Material provided

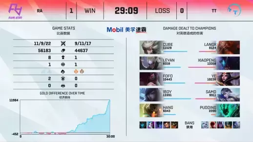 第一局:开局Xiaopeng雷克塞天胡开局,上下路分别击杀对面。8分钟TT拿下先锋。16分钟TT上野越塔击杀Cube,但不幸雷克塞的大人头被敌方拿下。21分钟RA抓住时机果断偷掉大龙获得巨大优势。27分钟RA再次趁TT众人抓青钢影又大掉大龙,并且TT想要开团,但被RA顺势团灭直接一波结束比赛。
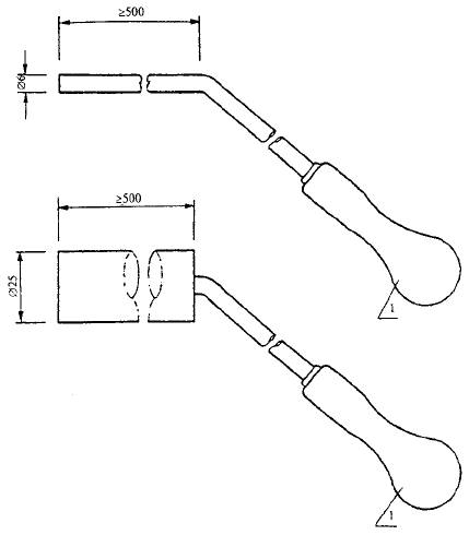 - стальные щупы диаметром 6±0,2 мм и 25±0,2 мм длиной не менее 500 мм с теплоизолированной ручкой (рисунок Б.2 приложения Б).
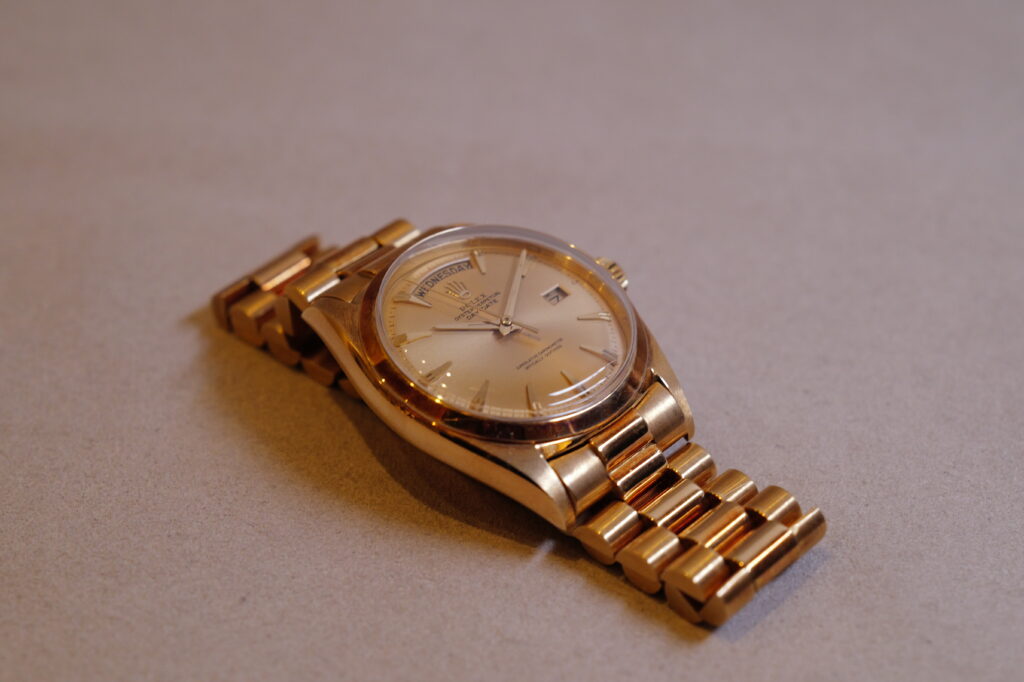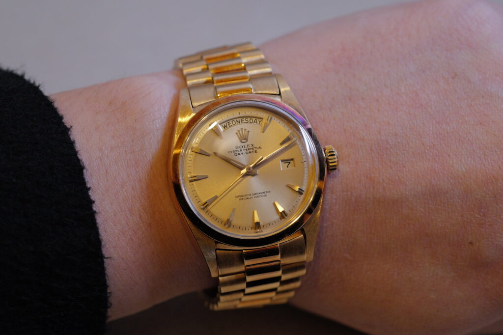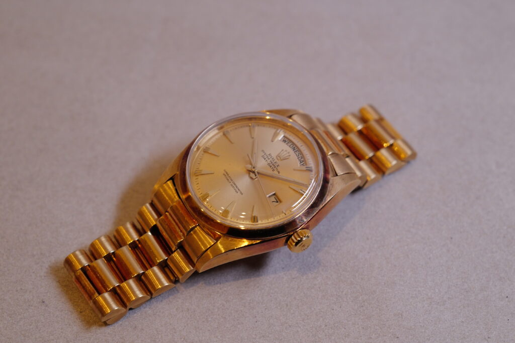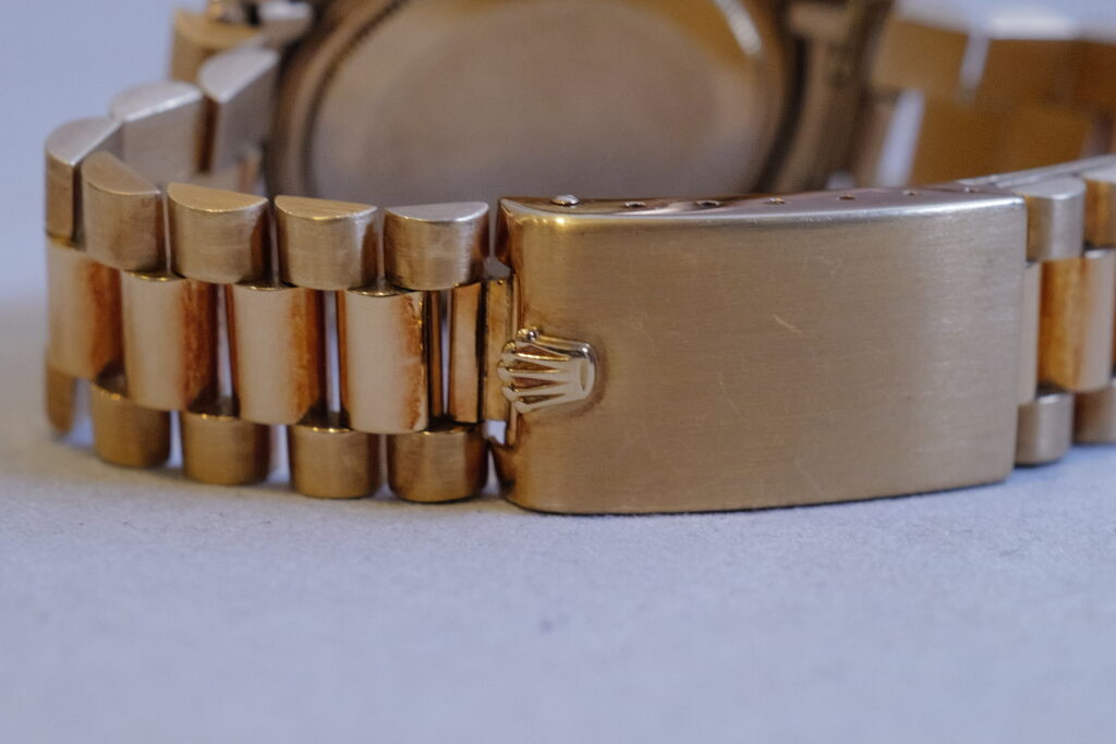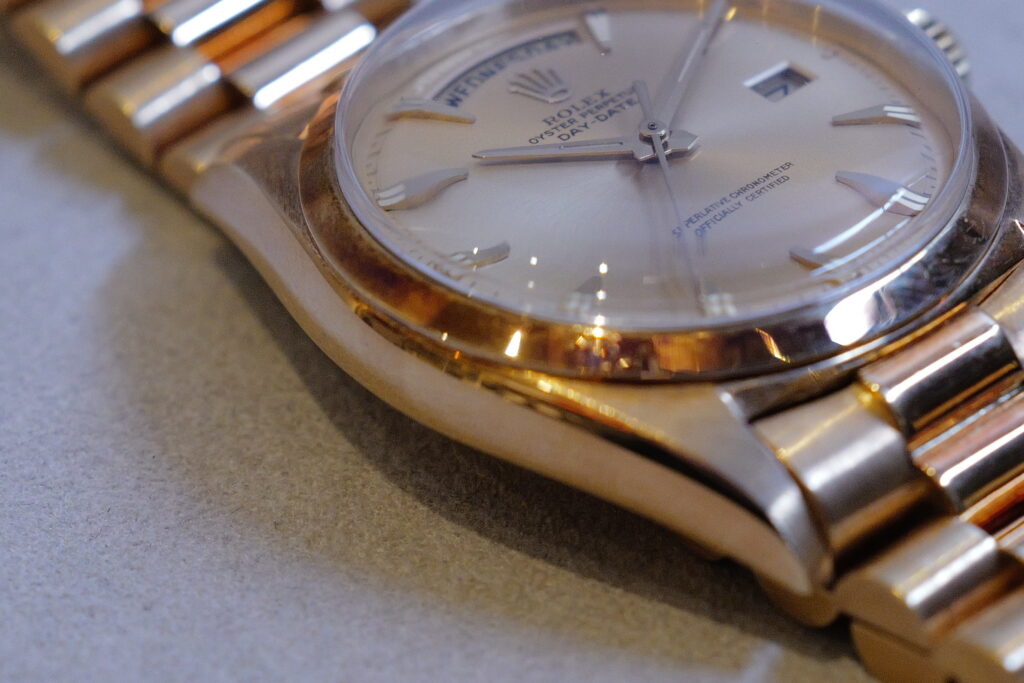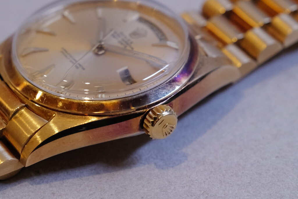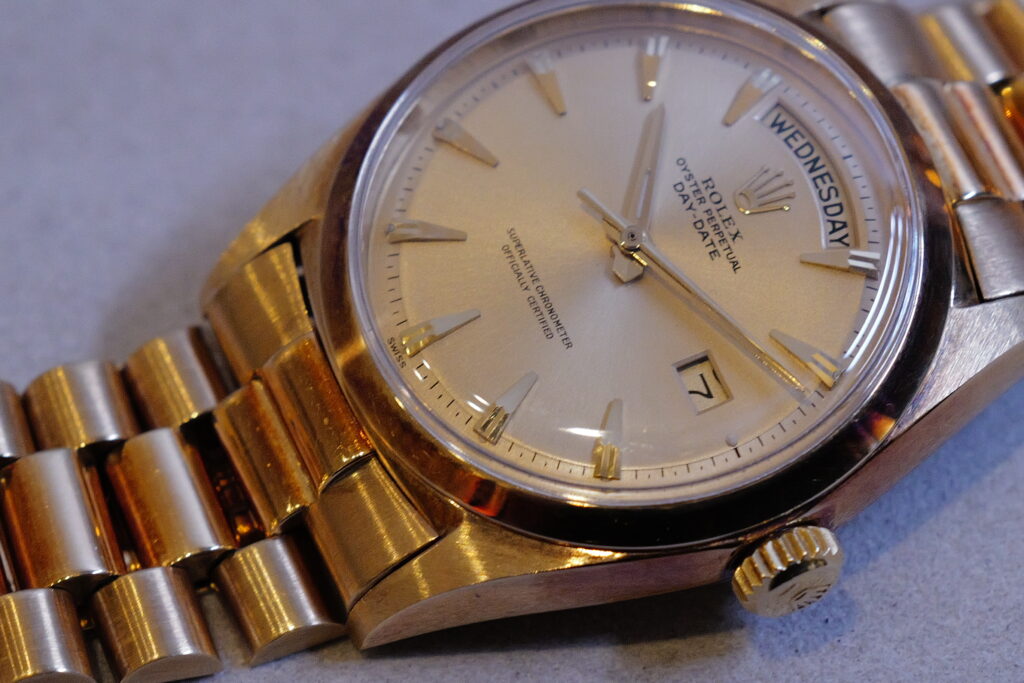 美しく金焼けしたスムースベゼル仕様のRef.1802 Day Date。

Task brief
Full transcription of the material, exact in every line, without images.

Finished task
 第一局:开局Xiaopeng雷克塞天胡开局,上下路分别击杀对面。8分钟TT拿下先锋。16分钟TT上野越塔击杀Cube,但不幸雷克塞的大人头被敌方拿下。21分钟RA抓住时机果断偷掉大龙获得巨大优势。27分钟RA再次趁TT众人抓青钢影又大掉大龙,并且TT想要开团,但被RA顺势团灭直接一波结束比赛。
 - стальные щупы диаметром 6±0,2 мм и 25±0,2 мм длиной не менее 500 мм с теплоизолированной ручкой (рисунок Б.2 приложения Б).
 美しく金焼けしたスムースベゼル仕様のRef.1802 Day Date。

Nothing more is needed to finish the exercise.